§ INSTRUCTIONS FOR THE TASK
Output only the lines below from the one holding "周先生说,依维柯聚星的超高颜" down to the one holding "aux amortisseurs renforcés", both end lines included and every picture dropped.

§ EXCERPTED DATA
________________________
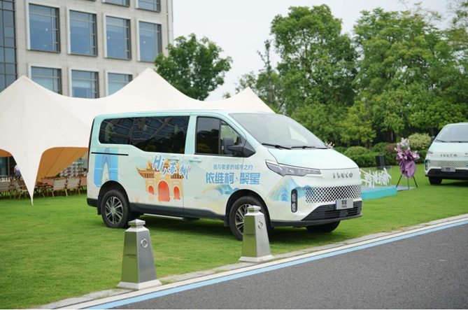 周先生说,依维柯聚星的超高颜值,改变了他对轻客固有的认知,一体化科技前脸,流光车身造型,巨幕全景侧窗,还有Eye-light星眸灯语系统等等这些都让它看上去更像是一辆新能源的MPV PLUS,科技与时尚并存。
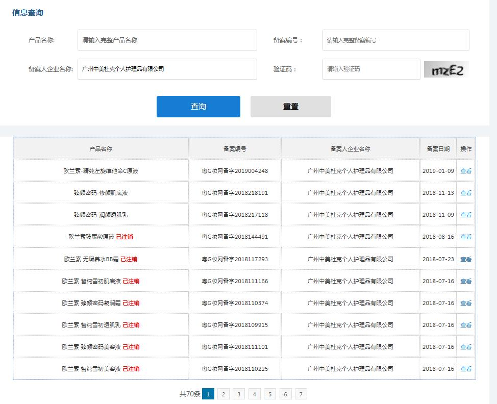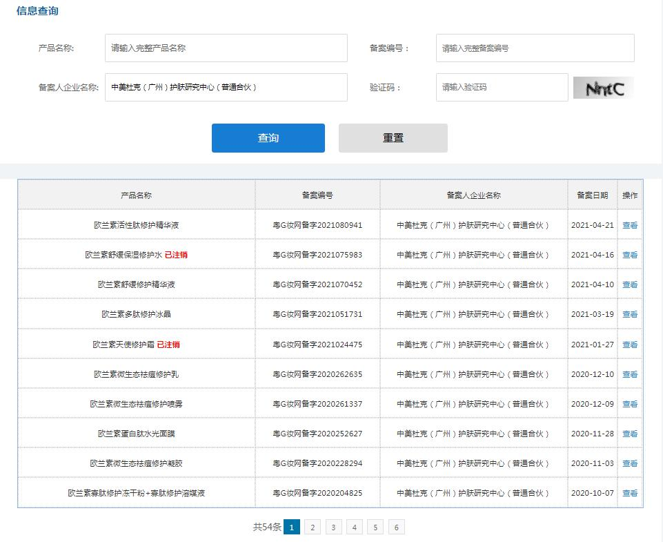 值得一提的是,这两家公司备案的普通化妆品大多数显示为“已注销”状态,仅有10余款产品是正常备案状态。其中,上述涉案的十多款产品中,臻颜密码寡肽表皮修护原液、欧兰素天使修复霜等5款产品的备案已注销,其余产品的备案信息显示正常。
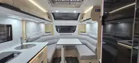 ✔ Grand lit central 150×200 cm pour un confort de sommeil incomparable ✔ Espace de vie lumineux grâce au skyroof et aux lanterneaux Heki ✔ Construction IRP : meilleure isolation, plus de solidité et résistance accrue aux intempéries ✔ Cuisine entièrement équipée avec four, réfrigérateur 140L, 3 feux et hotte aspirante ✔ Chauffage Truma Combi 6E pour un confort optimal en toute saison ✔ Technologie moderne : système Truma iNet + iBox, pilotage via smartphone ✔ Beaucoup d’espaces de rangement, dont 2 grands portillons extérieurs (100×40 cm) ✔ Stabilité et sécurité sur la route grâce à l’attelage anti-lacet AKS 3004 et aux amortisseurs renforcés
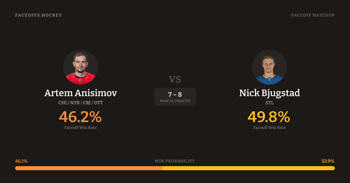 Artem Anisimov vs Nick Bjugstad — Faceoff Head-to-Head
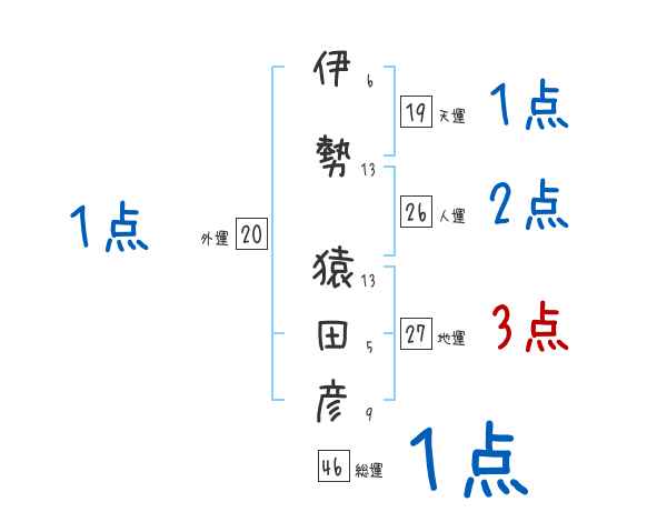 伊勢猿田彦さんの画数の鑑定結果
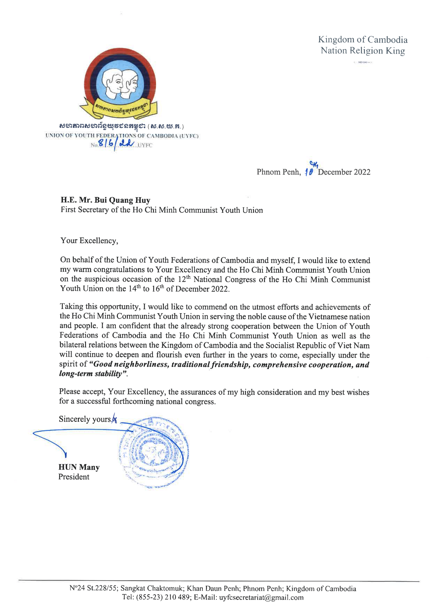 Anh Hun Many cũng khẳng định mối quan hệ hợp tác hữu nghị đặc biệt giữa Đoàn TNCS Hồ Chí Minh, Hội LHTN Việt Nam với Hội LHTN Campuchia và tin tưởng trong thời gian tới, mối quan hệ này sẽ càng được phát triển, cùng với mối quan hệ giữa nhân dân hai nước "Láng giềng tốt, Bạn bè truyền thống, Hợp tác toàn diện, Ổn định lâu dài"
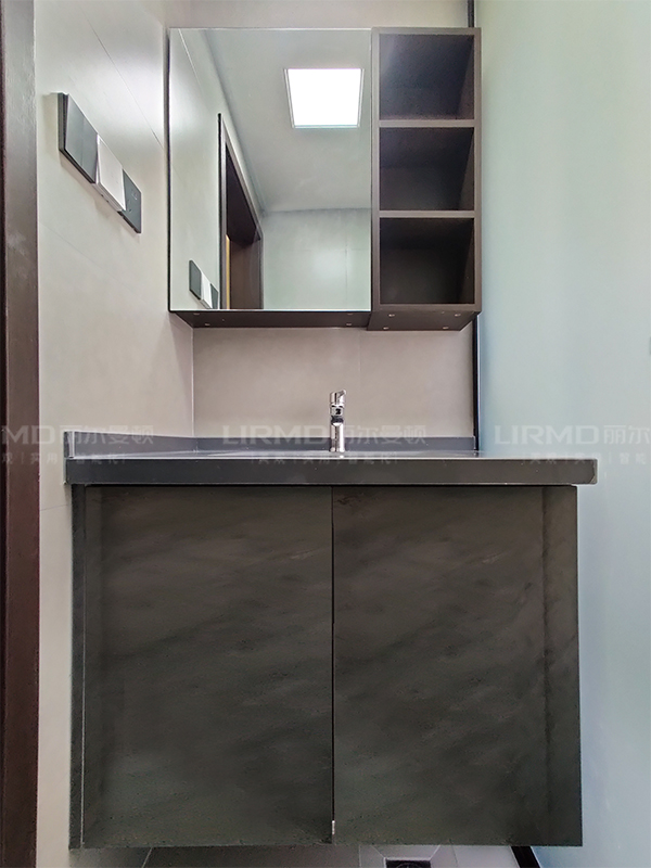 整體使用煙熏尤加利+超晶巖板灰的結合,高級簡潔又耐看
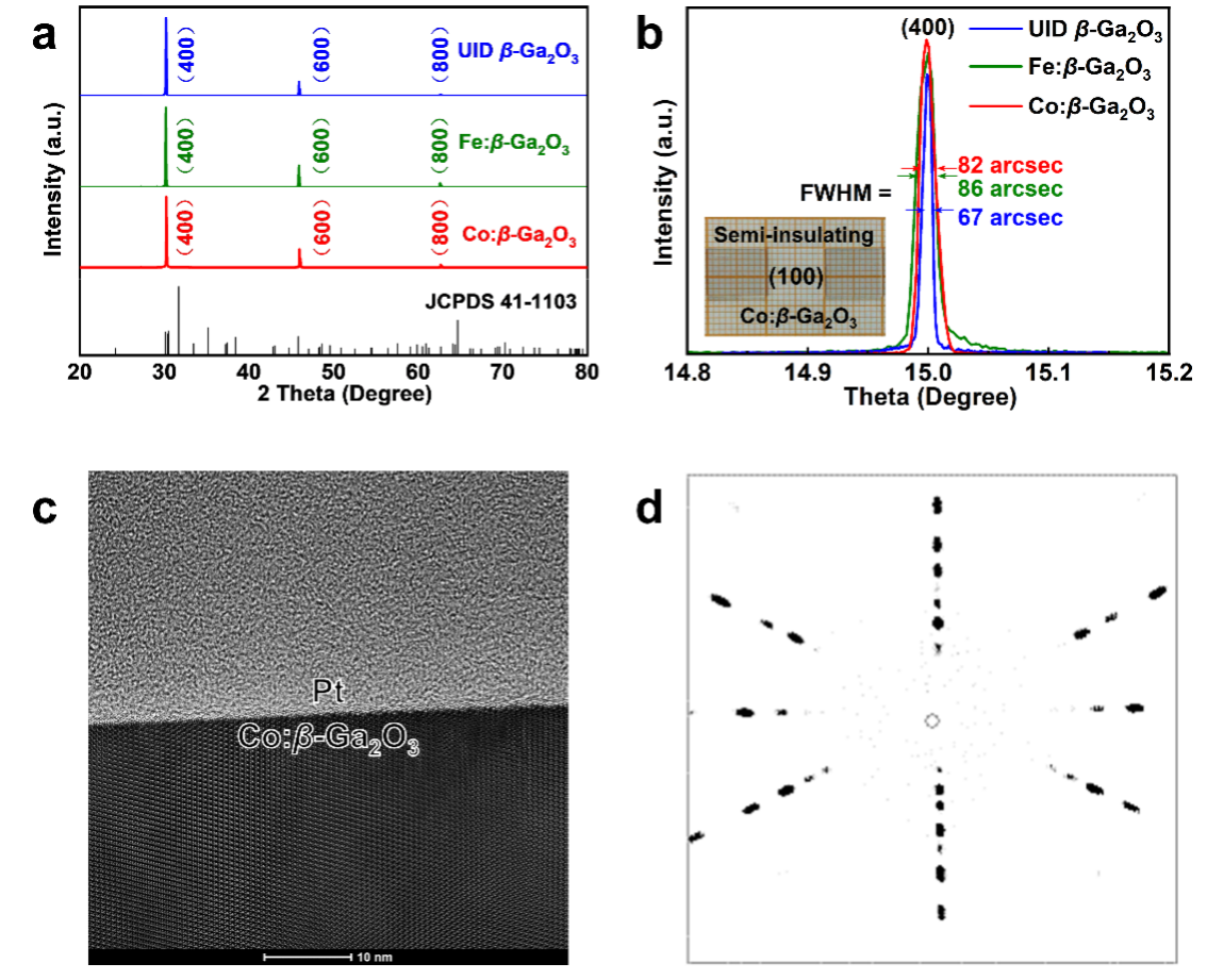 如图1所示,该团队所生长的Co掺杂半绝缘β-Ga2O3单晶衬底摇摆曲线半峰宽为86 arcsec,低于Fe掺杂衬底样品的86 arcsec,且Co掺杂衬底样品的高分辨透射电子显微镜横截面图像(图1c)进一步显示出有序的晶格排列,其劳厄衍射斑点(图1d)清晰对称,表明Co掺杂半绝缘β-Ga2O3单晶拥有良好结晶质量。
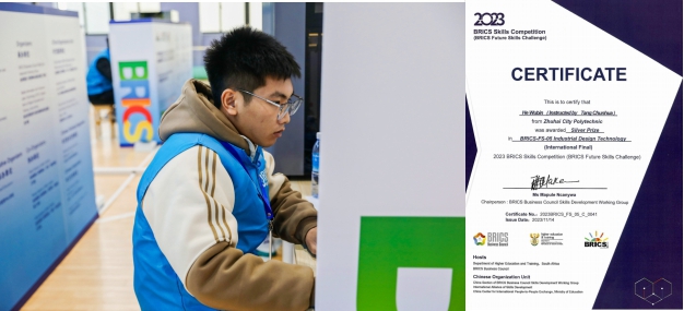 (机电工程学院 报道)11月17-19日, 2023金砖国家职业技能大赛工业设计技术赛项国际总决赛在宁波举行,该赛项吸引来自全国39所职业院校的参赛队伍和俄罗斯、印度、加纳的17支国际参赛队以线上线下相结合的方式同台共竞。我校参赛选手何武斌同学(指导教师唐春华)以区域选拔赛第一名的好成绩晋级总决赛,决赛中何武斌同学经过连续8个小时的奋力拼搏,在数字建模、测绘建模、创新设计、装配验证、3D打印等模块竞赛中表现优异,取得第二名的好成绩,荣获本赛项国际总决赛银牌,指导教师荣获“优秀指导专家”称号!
________________________
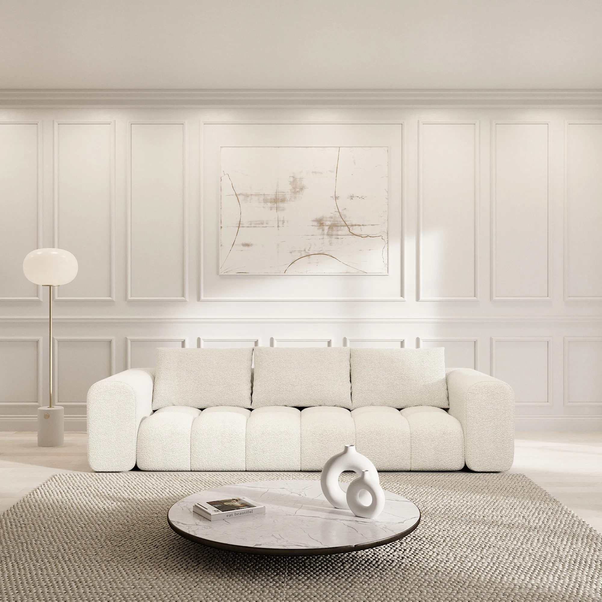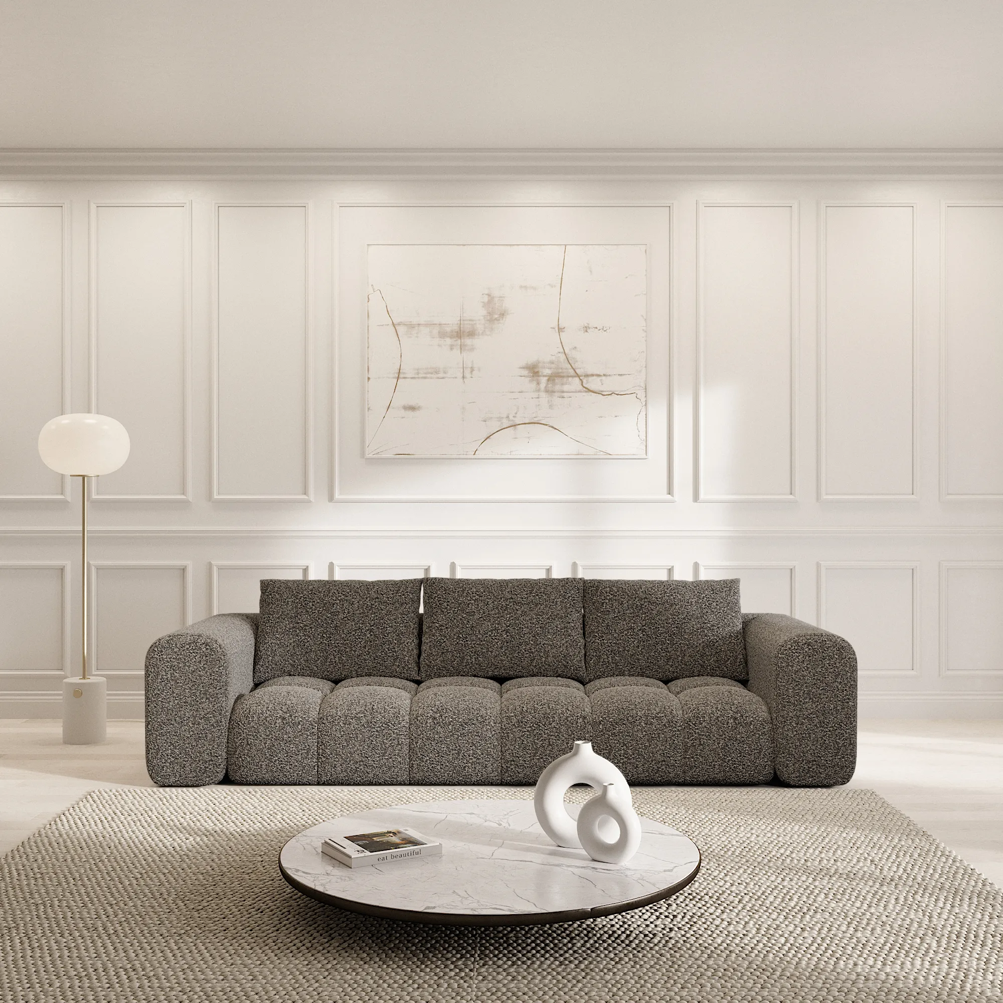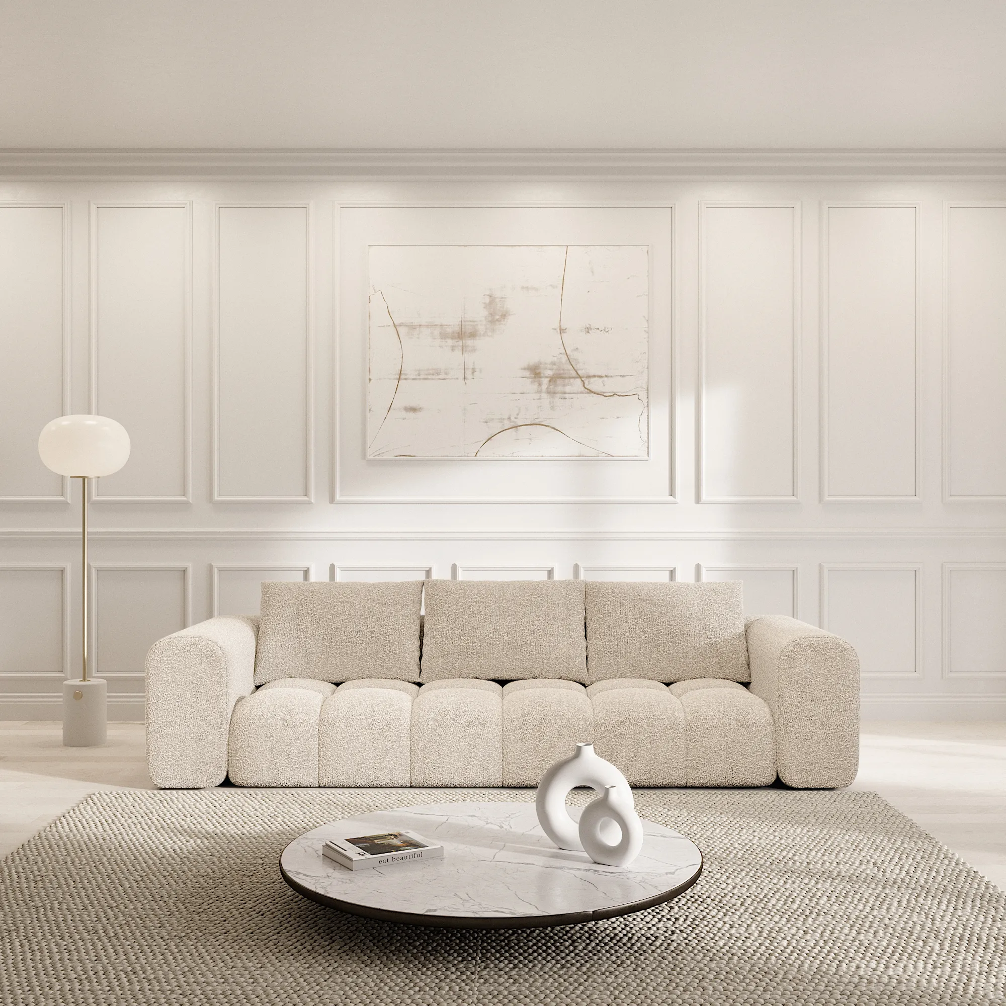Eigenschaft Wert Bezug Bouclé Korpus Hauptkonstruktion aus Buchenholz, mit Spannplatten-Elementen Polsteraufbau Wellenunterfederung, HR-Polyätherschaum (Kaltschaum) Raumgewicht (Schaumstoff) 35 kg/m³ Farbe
________________________
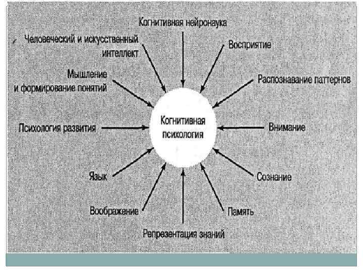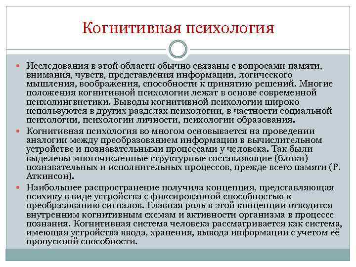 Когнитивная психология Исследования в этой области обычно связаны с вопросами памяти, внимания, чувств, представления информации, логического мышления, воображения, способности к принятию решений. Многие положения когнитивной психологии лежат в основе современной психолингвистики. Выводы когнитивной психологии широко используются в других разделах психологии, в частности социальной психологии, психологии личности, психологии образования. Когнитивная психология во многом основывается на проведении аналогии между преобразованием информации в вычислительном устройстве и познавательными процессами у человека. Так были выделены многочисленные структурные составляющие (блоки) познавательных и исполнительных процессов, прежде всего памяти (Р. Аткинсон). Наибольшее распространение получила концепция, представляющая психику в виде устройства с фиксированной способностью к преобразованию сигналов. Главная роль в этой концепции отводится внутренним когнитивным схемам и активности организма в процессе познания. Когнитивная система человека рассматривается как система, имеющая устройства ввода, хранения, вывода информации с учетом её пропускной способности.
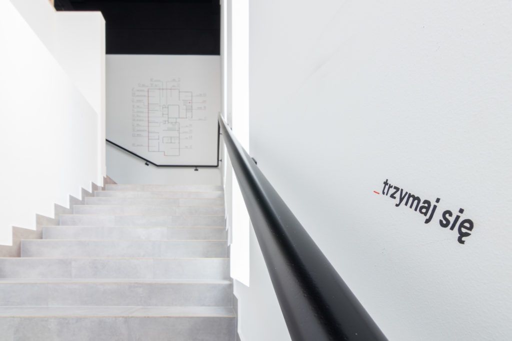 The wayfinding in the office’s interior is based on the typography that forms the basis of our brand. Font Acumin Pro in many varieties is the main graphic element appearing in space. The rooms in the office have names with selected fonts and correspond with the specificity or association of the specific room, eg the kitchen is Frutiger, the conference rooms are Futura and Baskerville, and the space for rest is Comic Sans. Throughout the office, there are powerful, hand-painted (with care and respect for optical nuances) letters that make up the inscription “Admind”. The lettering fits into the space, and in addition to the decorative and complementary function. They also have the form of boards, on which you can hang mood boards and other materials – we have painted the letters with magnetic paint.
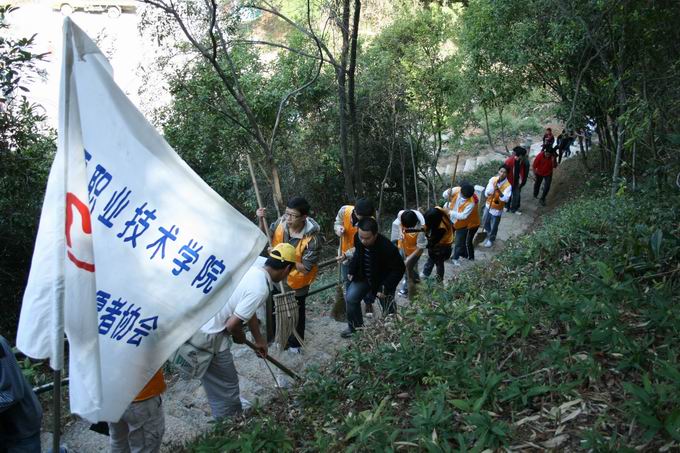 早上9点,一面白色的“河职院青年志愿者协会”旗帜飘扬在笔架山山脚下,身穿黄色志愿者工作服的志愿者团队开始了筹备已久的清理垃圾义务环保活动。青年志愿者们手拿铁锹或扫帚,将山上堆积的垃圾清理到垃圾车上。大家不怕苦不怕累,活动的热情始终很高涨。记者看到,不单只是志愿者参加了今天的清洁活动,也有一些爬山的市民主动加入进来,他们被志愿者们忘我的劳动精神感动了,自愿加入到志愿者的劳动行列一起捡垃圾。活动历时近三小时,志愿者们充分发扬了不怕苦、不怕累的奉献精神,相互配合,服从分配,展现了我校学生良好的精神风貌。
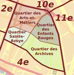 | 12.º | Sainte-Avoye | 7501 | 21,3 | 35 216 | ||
________________________
§ OUTPUT OF THE EXERCISE
 周先生说,依维柯聚星的超高颜值,改变了他对轻客固有的认知,一体化科技前脸,流光车身造型,巨幕全景侧窗,还有Eye-light星眸灯语系统等等这些都让它看上去更像是一辆新能源的MPV PLUS,科技与时尚并存。
 值得一提的是,这两家公司备案的普通化妆品大多数显示为“已注销”状态,仅有10余款产品是正常备案状态。其中,上述涉案的十多款产品中,臻颜密码寡肽表皮修护原液、欧兰素天使修复霜等5款产品的备案已注销,其余产品的备案信息显示正常。
 ✔ Grand lit central 150×200 cm pour un confort de sommeil incomparable ✔ Espace de vie lumineux grâce au skyroof et aux lanterneaux Heki ✔ Construction IRP : meilleure isolation, plus de solidité et résistance accrue aux intempéries ✔ Cuisine entièrement équipée avec four, réfrigérateur 140L, 3 feux et hotte aspirante ✔ Chauffage Truma Combi 6E pour un confort optimal en toute saison ✔ Technologie moderne : système Truma iNet + iBox, pilotage via smartphone ✔ Beaucoup d’espaces de rangement, dont 2 grands portillons extérieurs (100×40 cm) ✔ Stabilité et sécurité sur la route grâce à l’attelage anti-lacet AKS 3004 et aux amortisseurs renforcés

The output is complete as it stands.